DOHA: Les négociations continuent vendredi à Doha en vue de parvenir à une trêve dans la bande de Gaza, au moment où une attaque sanglante perpétrée par des colons juifs en Cisjordanie a soulevé la réprobation générale, y compris celle des dirigeants israéliens.

L'attaque par un groupe de colons juifs du village palestinien de Jit, qui a fait un mort et un blessé grave jeudi, a été condamnée par les Etats-Unis et par de nombreux dirigeants israéliens, le président Isaac Herzog allant jusqu'à dénoncer un "pogrom".

"Je condamne fermement le pogrom de ce soir en Samarie", écrit M. Herzog dans un message sur X, en utilisant le nom de la province biblique correspondant au nord de la Cisjordanie. La Maison Blanche a pour sa part fustigé des attaques "inacceptables".

Selon l'armée israélienne, des dizaines de civils israéliens ont fait irruption vers 20H00 (17H00 GMT) dans Jit, situé entre Naplouse et Qalqilya, ont incendié des bâtiments et des véhicules et lancé des pierres et des cocktails molotov. Des soldats et des garde-frontières "ont évacué les civils israéliens de la ville" et remis l'un d'eux à la police, a indiqué à l'AFP un porte-parole militaire.

Selon le ministère palestinien de la Santé, un homme a péri "sous les balles de colons" et un autre a été blessé d'une balle dans la poitrine.

Le Premier ministre israélien Benjamin Netanyahu "prend au sérieux les émeutes qui ont eu lieu ce soir dans le village de Jit", a indiqué un communiqué de son bureau, assurant que "les responsables de tout acte criminel seront arrêtés et poursuivis en justice".

Chef du Likoud, le grand parti de la droite israélienne, M. Netanyahu gouverne depuis décembre 2022 avec l'appui de partis d'extrême droite, prônant l'extension de la colonisation israélienne en Cisjordanie et même l'annexion pure et simple de ce territoire palestinien qu'Israël occupe depuis 1967.

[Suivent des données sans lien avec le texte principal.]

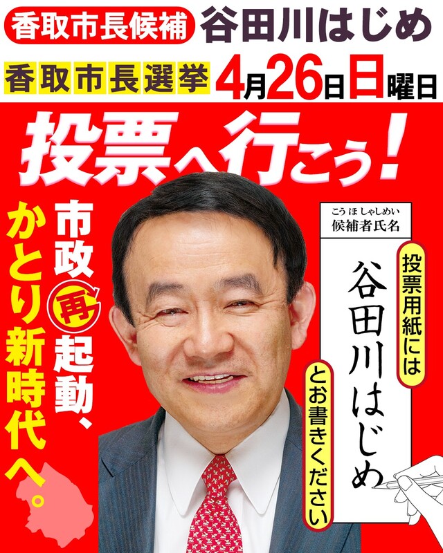 ホーム>政党・政治家>谷田川 元 (ヤタガワ ハジメ)>【明日は香取市長選挙投票日】あなたのその一票が、香取を動かす大きな力になります!投票用紙にはぜ...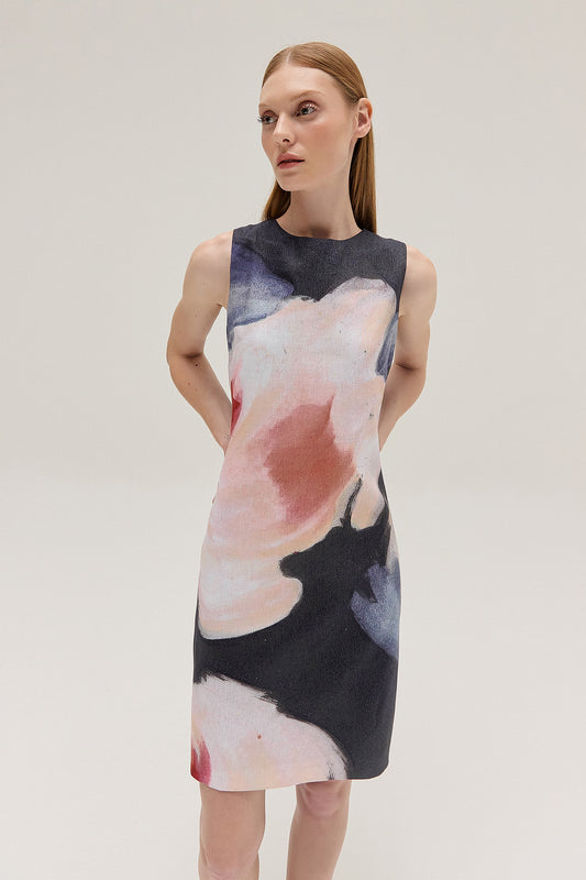 SaleVESTIDO TUBO LINHO FLORAL PIXEL AZUL

"Les émeutiers de ce soir à Jit n'ont rien à voir avec la colonisation et les colons", a affirmé sur X le ministre des Finances Bezalel Smotrich (extrême droite), grand architecte de l'extension de la colonisation juive en Cisjordanie observée depuis fin 2022, et tout spécialement depuis le début de la guerre dans la bande de Gaza.

- "Criminels" -

"Ce sont des criminels qui doivent être traités par les autorités chargées du maintien de l'ordre public et avec toute la sévérité de la loi", a-t-il ajouté.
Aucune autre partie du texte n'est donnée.